Pros
The people you work with at the ground level are genuinely great for the most part, with strong collaboration and camaraderie despite the broader environment. There will always be a few exceptions, but overall the peer group is a highlight. Employees at HQ get access to a toy discount, which is a nice perk. There’s also something meaningful about working with such iconic, legacy brands. It brings a sense of nostalgia and pride that’s hard to find elsewhere.
Cons
Everyone wants to blame the CEO. And honestly, that’s fair. The approval ratings speak for themselves. The “Playing to Win” narrative sounds great in interviews and LinkedIn posts, but inside the company it feels completely disconnected from reality. The tone at the top is cold, corporate, and out of touch. Forcing employees back into the office while signaling a preference for “younger, smarter talent” sends a pretty clear message about how current employees are viewed. But the real problem isn’t just at the top. It’s the layer right beneath it. Mid-level management is where Hasbro truly breaks down. These are the people employees deal with every day, and too many of them are focused on climbing the ladder instead of supporting their teams. If you challenge ideas, think differently, or don’t fall in line, you’re not seen as valuable. You’re seen as a problem. Conformity wins here, not performance. The culture is driven by politics and cliques. If you’re not in the right circle, you feel it immediately. People operate carefully, constantly reading the room, waiting for the next reorg or layoff to hit. And those layoffs come often. Large ones, smaller ones, ongoing uncertainty.

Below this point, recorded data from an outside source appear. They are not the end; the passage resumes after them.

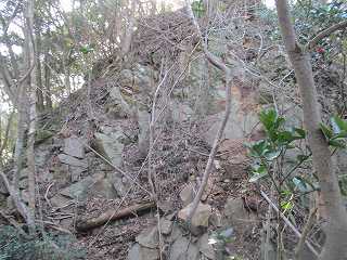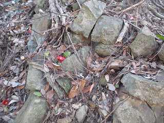 土塁側面部の石積み。 | 5郭北側下の腰曲輪。 |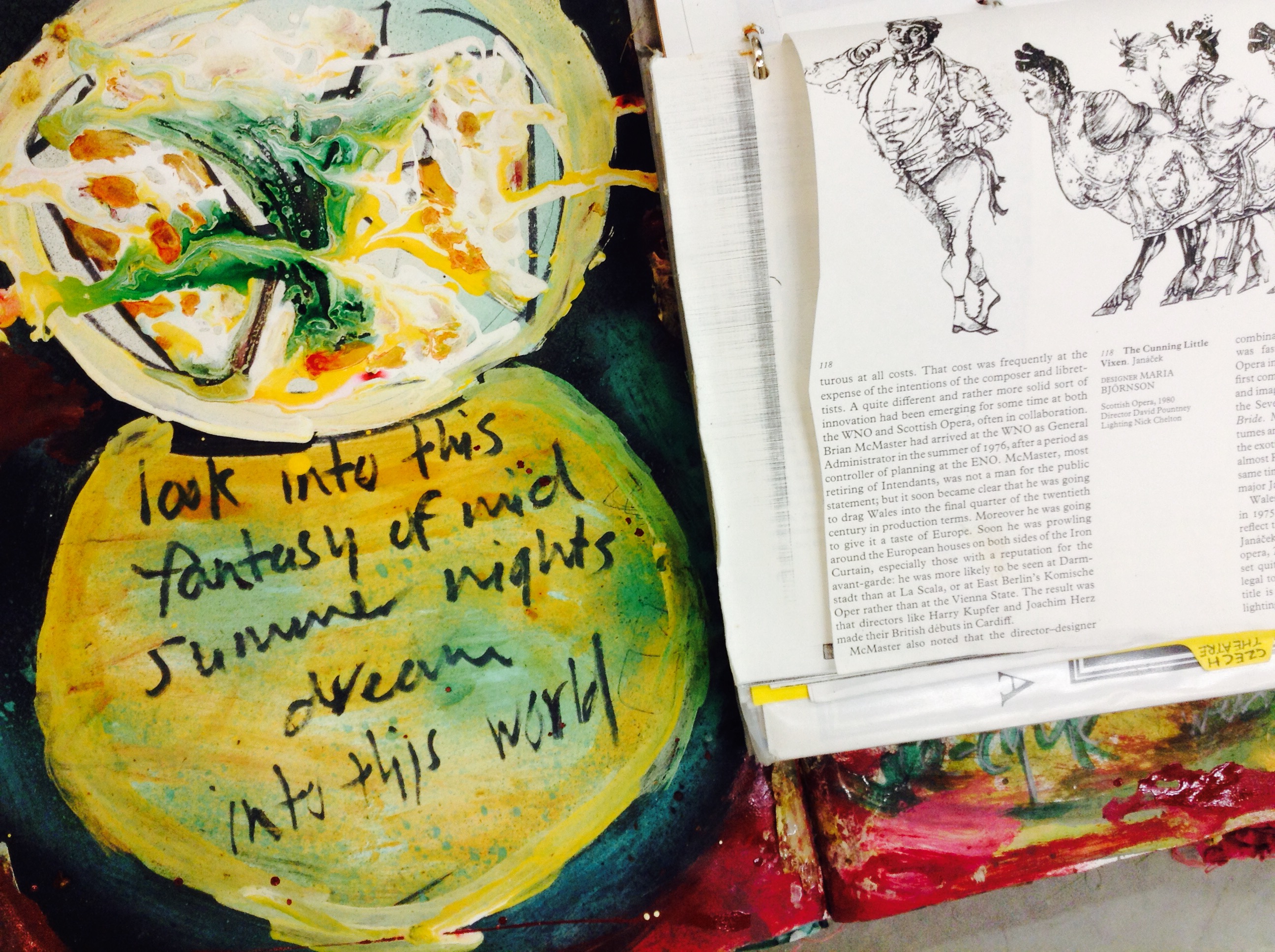 After an arts foundation, I studied theatre design. The plays, operas and musicals that I had to design still stick in my mind. The Cunning Little Vixen was a woodland and political study. I went to Czechoslovakia just after it was ‘free’ and stayed with art students who battled acid rain. The forest was my stage for three months. Now I realise I loved it. Before the Cunning Little Vixen, I studied the just as dark Into the Woods. Since then I’ve clambered at woods via train windows, visited them via stories, and swum in the direct experience of them when travelling near rivers, such as swimming in a Redwood forest in California.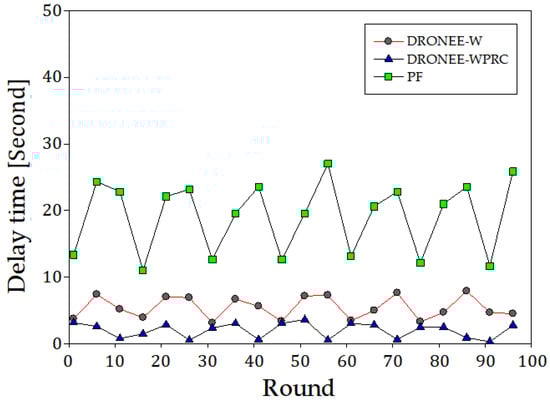 Figure 14 illustrates the delay time results for the scenario where the three groups of users were evenly distributed. Simulation results indicate that the overall average of delay time for DRONEE–WPRC, DRONEE–W, and PF methods were 2.07 s, 5.84 s, and 19.88 s, respectively. The clustering architecture employed by the DRONEE–WPRC and DRONEE–W methods improves the total throughput compared to the PF method. Furthermore, the adoption of the FLC algorithm and QoS scheduling methods in our proposed DRONEE–WPRC method allows for better utilization of the network resources. This leads to a reduced buffer size and a corresponding reduction in delay time for users. As a result, the delay time of our proposed method surpasses that of the DRONEE–W method and PF method.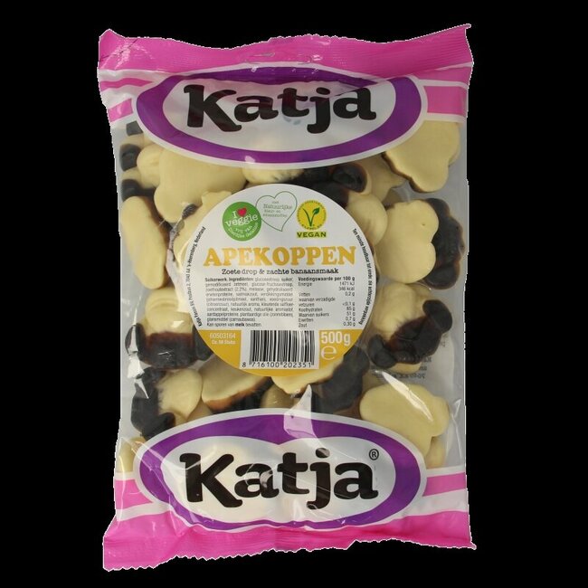 Offrez-vous, à vous et à votre famille, un moment de pur plaisir. Envie de ce goût unique et délicieux qui vous replonge en enfance ? Avec le sachet Katja Apenkoppen de 500 g, savourez en toute sérénité l'équilibre parfait entre la réglisse douce et la banane fruitée.

It’s become part of the rhythm of the company. Even the small things that made work more enjoyable have been stripped away over time. Benefits that once signaled trust and flexibility are gone, replaced with tighter control and less transparency. What’s most frustrating is that managers should be clearing the path for their teams. Instead, many are creating more obstacles. Progress slows, morale drops, and people burn out. So people are leaving. Not because they have to, but because they want to. Talented, capable employees are walking away from a culture that doesn’t support them. If you’re a high performer looking to do great work and be recognized for it, this is probably not the place. Success here often depends more on fitting in than standing out. And for anyone considering joining because they think they’ll be part of that “younger, smarter talent” wave, it’s worth taking a hard look before making the jump. The company doesn’t just need change at the top. It needs a serious reset in the middle.